Australia’s demographic make-up is changing rapidly. AAP Image/Dean Lewins

One of the sharpest divides in attitudes to Australia Day celebrations is between those who think of Australia as a nation of migrants and those who regard Australians as a unique people and culture.

For those who see Australia as a nation of migrants, evidence of growth in the numbers and diversity of the overseas-born is a cause for celebration. They can claim Australia is becoming an even more exciting multicultural mix. On the other hand, those who think of the Australian identity as a unique outcome of generations of settlers’ encounters with the land are likely to see migration as a challenge.

The latter group are typically proud of the egalitarian value set, down-to-earth lifestyle and sense of place that they believe is the outcome of this experience. For them, the challenge is to use Australia Day to articulate this heritage, in the hope of persuading migrants to embrace it as their own.

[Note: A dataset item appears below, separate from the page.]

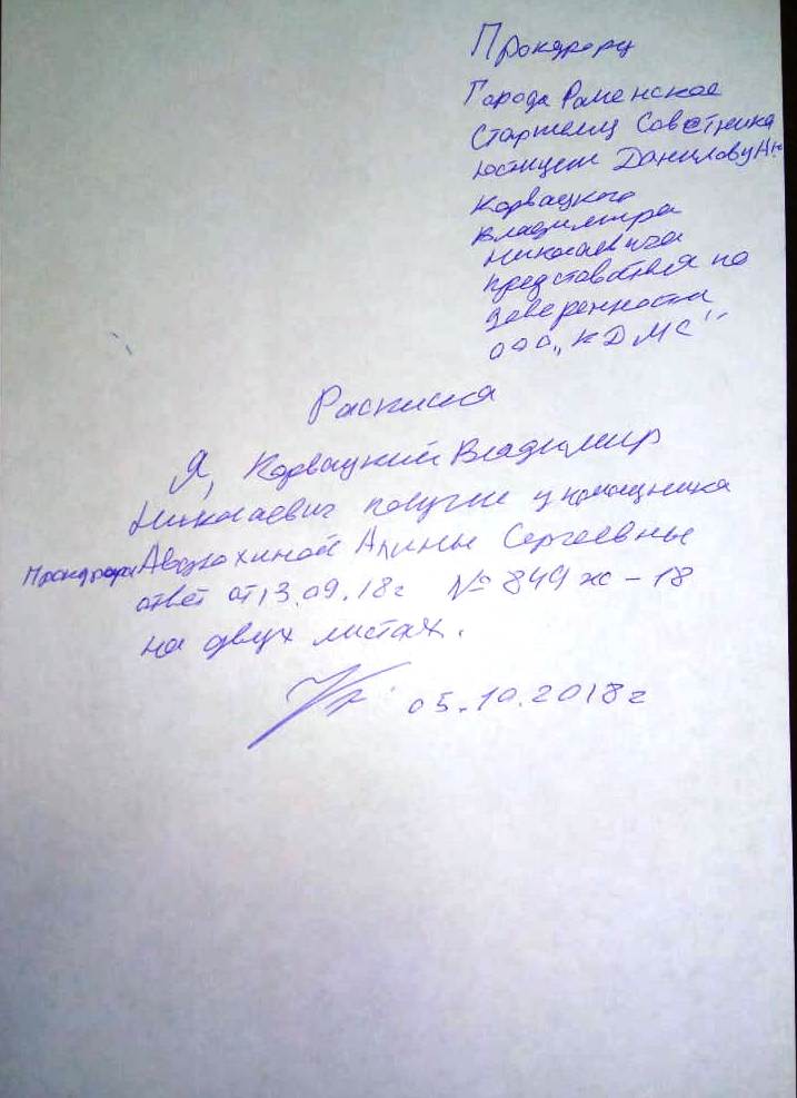 Моя расписка в получении ответа на Жалобу в Прокуратуре Города Раменское Московской области

The changing face of Australia

Australia’s population has grown rapidly from migration over the past decade. This partly reflects the economic buoyancy triggered by the resources boom and the decisions of successive Australian governments to encourage employers to source their permanent and temporary worker needs from migrants. It has also been driven by the influx of overseas students, almost all coming from Asia. They have been responsible for around a third of the growth in net overseas migration during the past decade.

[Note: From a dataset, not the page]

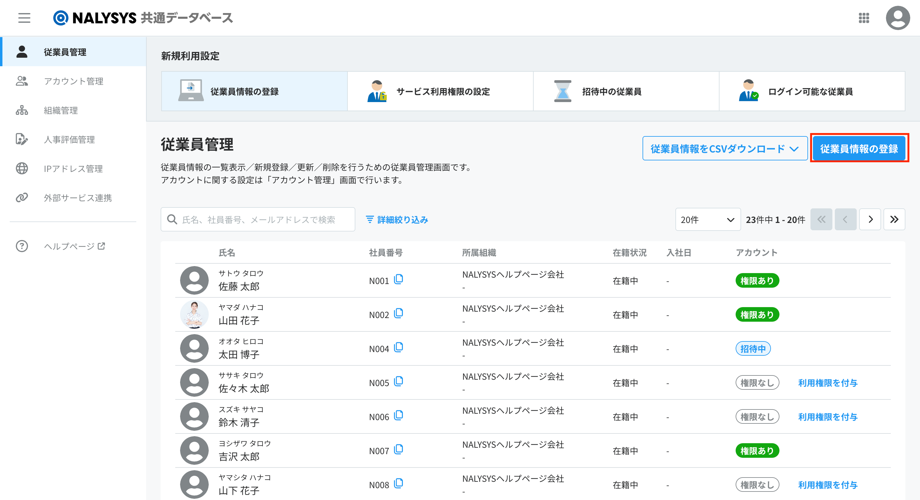 サイドバーの「従業員管理」を押すと、従業員管理画面に遷移します。

The result, according to the Australian Bureau of Statistics (ABS) estimates, is that the share of Australia’s population born overseas has grown from 23% in 2000 to 26.8% in 2010. Australia is the developed-world champion in this regard, with our nearest rivals being Canada with 21.3% of its population overseas-born in 2010, Sweden with 14.1% and the USA with 13.5%.

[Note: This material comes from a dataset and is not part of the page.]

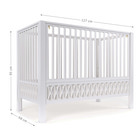 Smuk ballet dansende seng Om det er prinsen eller prinsessens værelse der skal indrettes betyder det meget at sengen er harmonisk, giver et trygt sovemiljø og følger barnets udvikling. Cam Cam Harlequin sengen giver netop dette til barnet. Sengen er lige så raffineret, som den er funktionel, og bringer tidløs elegance til et hvert børneværelse. Bunden kan justeres i 3 forskellige højder, så i starten til den lille nyfødte kan bundes være i midten, og med tiden når baby vokser og begynder at rejse sig op ad ting, er det på tide at bunden flyttes ned. De 3 forskellige højder 20 cm., 27, cm. og 55 cm., giver derved muligheder for lige den position man ønsker. Sidepanelet kan nemt fjernes med 2 børnesikre knapper, og sengen forvandles let fra en babyseng, til stadie før junior seng - perfekt løsning. På den opdateret version har Cam Cam Copenhagen sørget for at ingen skruer er synlige. Derudover er de indvending mål gjort mindre, så når bunden står i øverste position er der mindre luft mellem sengegavl og madras. En forbedret fastgørelse af bundpladen har gjort det er blevet nemmere at hæve og sænke bundpladen. Til sidst er sengegavlene samlet fra fabrikken, så sengen bliver nemmere at samle derhjemme.

In terms of diversity, the outcome is even more striking. Again, according to the ABS, 58% of the migrants who arrived in Australia over the decade 2000 to 2010, who were still here in 2010, were born in Asia, North Africa and the Middle East. As a consequence, the share of Australia’s total population born in these regions as a percentage of Australia’s total population has grown from 6.7% in 2000 to 10.6% in 2010.

This is a remarkable transformation, considering how controversial Asian migration was in the 1980s. At that time, suggestions from critics that 5% or more of the population might be born in Asia by the early 21st century were regarded as outlandish.

A tale of two cities

A further relevant demographic outcome is that the surge in Asian, North African and Middle Eastern migration has primarily affected Sydney and Melbourne, since most choose to live in these two cities. This is largely because that is where the main communities from these countries are established.

We await the results of the 2011 Census for up-to-date estimates of settlement patterns. But according to the 2006 Census, 77% of mainland-China-born migrants still in Australia who arrived between 2001 and 2006 were living in Sydney and Melbourne; 75% of the India-born, and 91% of the Lebanon-born. There are still large numbers of UK and New Zealand migrants coming to Australia, but their destinations are largely Perth and South-East Queensland respectively.

Australia is now two nations as regards ethnic diversity. Sydney and Melbourne sharply differ from non-metropolitan Australia and from the other state capitals.

There is only a dim awareness of the magnitude of these demographic changes within the wider community. Nevertheless, such is the scale of the Asian, North African and Middle Eastern presence in Sydney and Melbourne that there can be few residents who have not noticed changes in the ethnic make-up of their community.

A nation divided

The celebration of Australia Day 2012 will reflect the divide in attitudes towards diversity and national identity outline above. For those who embrace the nation-of-migrants perspective, recent demographic developments are an occasion to highlight Australia’s distinctive diversity.

For those who believe a unique, shared culture and way of life has been forged here, an emphasis on diversity may generate a sense of unease and even loss. They would prefer to see their heritage venerated.

I’m afraid demography is against them.